Каплера арестовали 2 марта. Он сложил уже вещи и собирался уехать в Ташкент на съёмки фильма по его сценарию о белорусских партизанах, и, может быть, успей он удрать из Москвы, его бы не тронули, но — случилось то, к чему всё шло, начиная с 8 ноября. Его отвезли на Лубянку, обвинили в связях с иностранцами — при его профессии отрицать это оыло бессмысленно (он знал всех аккредитованных в Москве иностранных корреспондентов), и он получил пять лет лагерей по стандартному обвинению, в котором ни полслова не было сказано о Светлане Сталиной.
Утром 3 марта, когда Светлана собралась в школу, в кремлёвскую квартиру неожиданно приехал отец — в эти часы он обычно спал, но ярость сделала своё дело, он ворвался в комнату дочери с бешеным взглядом, под которым няня приросла к полу, и, задыхаясь от гнева, потребовал: «Где, где это всё? Где все эти письма твоего писателя?».
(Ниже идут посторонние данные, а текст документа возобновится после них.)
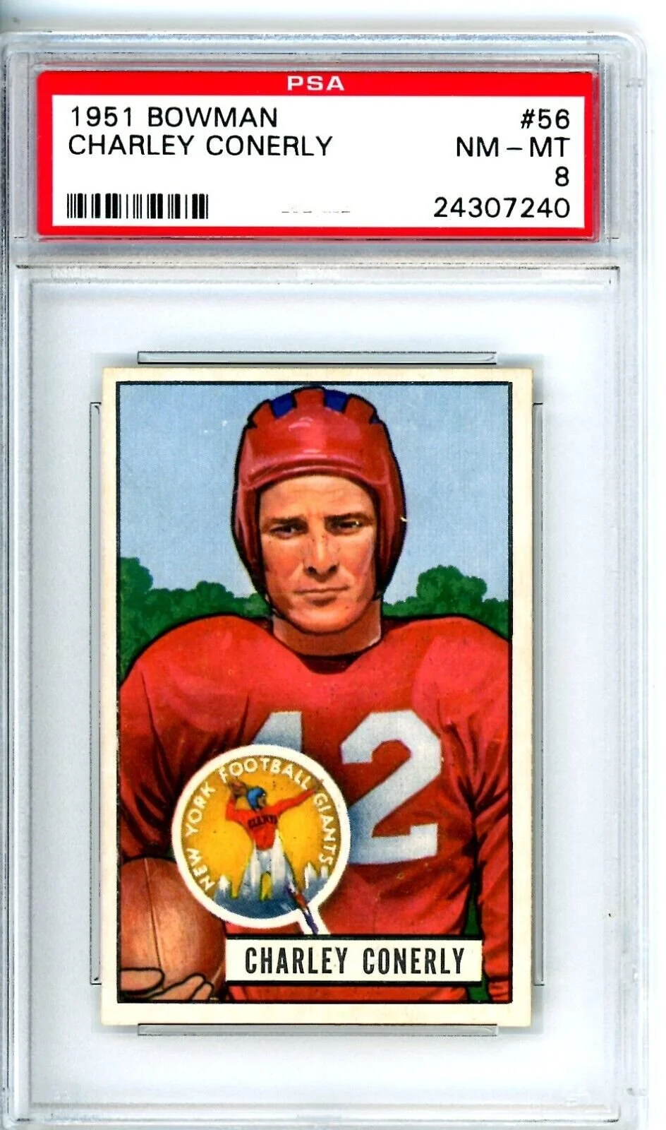 Shop › 1951 Bowman Charley Conerly PSA 8 #56 Giants 12622 Image 1 of 1 1951 Bowman Charley Conerly PSA 8 #56 Giants 12622 $367.50 Thousands of high grade PSA cards available New cards added weekly Always check KRISKEPPLERSPORTSCARDS Add To Cart Added! Thousands of high grade PSA cards available New cards added weekly Always check KRISKEPPLERSPORTSCARDS

Он выслушал уже доклады Климова и Накашидзе, стенограмму первого допроса Каплера (генерал Власик лично присутствовал при дознании), прочёл распечатки телефонных разговоров и, хлопая себя по карманам, кричал: «Мне всё известно! Все твои телефонные разговоры — вот они, здесь! Ну! Давай сюда! Твой Каплер— английский шпион, он арестован!».
Он сказал самое главное, что хотел сообщить ей: Каплера для неё больше нет! Она молча достала из письменного стола и передала отцу его записные книжки, наброски рассказов, письма и фотографии и длинное грустное прощальное письмо, которое он вручил ей в последнюю встречу, предчувствуя, что она станет для него роковой. Но она не собиралась от него отступать.
— А я люблю его! — осмелилась произнести дочь, вызвав новую вспышку гнева.
— Любишь! — выкрикнул отец и впервые в жизни влепил ей две звонких пощёчины («впервые в жизни» написала Светлана, хотя Николаев, её одноклассник, вспоминал, что впервые она получила пощёчину за откровения в своём дневнике о чувствах к Грише Морозову).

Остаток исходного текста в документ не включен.